En el mundo hay una tendencia cada vez más creciente de personificar a los animales, darles condiciones y características humanas; esta tendencia se presenta sobre todo con las mascotas, que parecen ser los nuevos y verdaderos amos de la casa. Sin embargo, esta realidad convive con el abandono y maltrato animal que sufren muchos animales. El rescate de perros abandonados es una de las respuestas frente a esta problemática.
Miembros de la familia

Van al colegio, a la universidad; tienen cita en el spa una vez cada tanto; tienen “pandilla” de barrio —los amigos con quienes van al colegio o con quienes se encuentran a la misma hora en el mismo lugar o, cabe decir, en el mismo parque—.
Celebran sus cumpleaños con ponqués y fiestas de cumpleaños mandadas a hacer especialmente para ellos y van al psiquiatra o a médicos bioenergéticos para combatir el estrés de esa vida de perros que les tocó llevar.
Así, cualquiera quisiera ser perro. Teniendo toda una familia pendiente del bienestar y la buena vida de la mascota, todos quisiéramos reencarnar en una de ellas y disfrutar los placeres mundanos sin tener que preocuparnos por los aspectos desagradables de esta tierra en la que vivimos.
Aspectos como pagar las cuentas y levantarnos todos los días al alba a trabajar, llueva. Ser conscientes totalmente (algunos más que otros) del dolor, el miedo, la rabia, la tristeza y cada una de nuestras emociones, exponernos a un corazón roto, entre muchas otras cosas.
El problema del abandono y el maltrato animal
Sin embargo, no son todos los amigos caninos los que corren con esta suerte de vivir una vida envidiable, también hay muchos que sufren amargamente.
Les toca luchar durante gran parte de su vida o toda su vida por las inclemencias del clima, por dormir debajo de un puente, por buscar inoficiosamente a sus amos que ya parecieran imaginarios, por buscar entre las canecas algo de comida para subsistir.
Les toca luchar por sobrevivir al maltrato, violencia y agresiones que injustificadamente les propiciamos nosotros los humanos.
El abandono y maltrato animal también plantean un debate sobre las prioridades de la solidaridad y la protección de los seres vivos. En este contexto, el rescate de perros abandonados se convierte en una labor fundamental.
Para algunos es increíble que haya personas que en testamentos, fundaciones o donaciones prefieran ayudar a los de cuatro patas que a los niños que mueren de hambre en diferentes lugares del mundo, por ejemplo, o a las mujeres o a los ancianos en dificultades.
Un caso muy recordado fue el de un irreverente escritor colombiano quien hace unos años se ganó un jugoso premio y decidió donarlo a los perros callejeros de Caracas, ciudad que le dio el premio.

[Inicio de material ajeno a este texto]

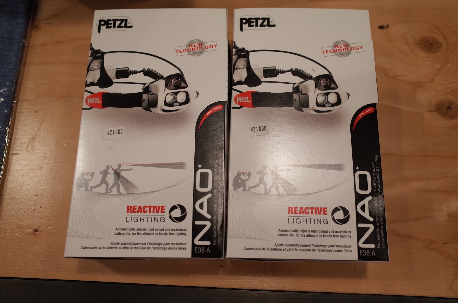 続いてこちらもオープン時取扱のなかったライト類。Black Diamond、PETZL、GENTOS等揃いました。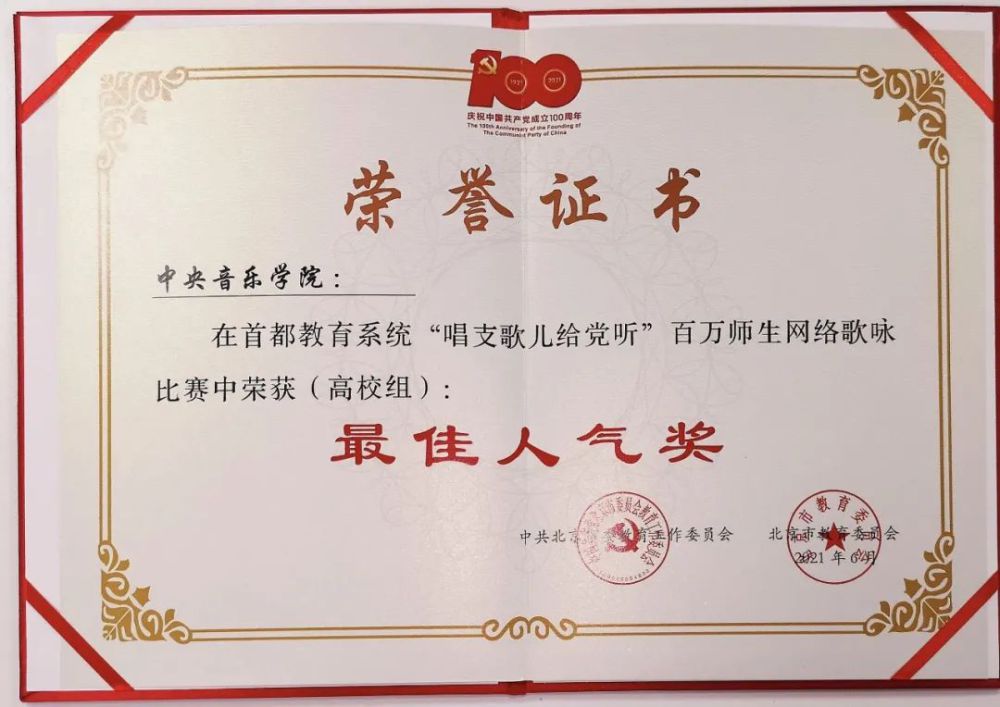 在刚刚落下帷幕的“唱支歌儿给党听”首都百万师生网络歌咏比赛活动中,KY开元参赛曲目《万泉河水清又清》喜获特等奖和最佳人气奖!这是KY开元师生用歌声向党的百年华诞献上的最真挚的生日祝福!

Inmediatamente los medios de comunicación y los críticos se le vinieron encima no sólo por el hecho de donarlo a animales en vez de a personas sino por no donarlo en su país, hecho bastante natural si se tiene en cuenta que el laureado pero extraño escritor aborrece a su patria.
El argumento principal de los defensores de los derechos de los animales y de sus patrocinadores es que les ayudan a ellos antes que a las personas porque son ellas quienes les causan daño y no tienen las herramientas para defenderse en la mayoría de los casos.
Ésta es solo una de las tantas veces que se ha avivado el debate sobre si es injustificado o no ayudar primero a los animales que a las personas. Es cierto que nuestra solidaridad debería estar primero con el género humano.
También es cierto que las ayudas a los animales son valederas e importantes precisamente porque ellos no tienen quien los ayude. Son víctimas de la barbarie y el sadismo de los humanos y porque son seres vivos que también sienten, les duele y se deben preservar.
El rescate de perros abandonados busca precisamente ofrecer una segunda oportunidad a quienes han quedado expuestos al abandono, el hambre y el maltrato.
Así, el abandono y maltrato animal se convierten en una problemática que exige atención, responsabilidad y acciones concretas.
Creando la Fundación
En mi opinión, cualquier persona que haga algo por mejorar este mundo, que dedique un poco de su tiempo y de sus recursos a una causa noble y a hacer algo por los demás. Es muy valiosa y debe ser reconocida en un mundo que pareciera cada vez más egoísta.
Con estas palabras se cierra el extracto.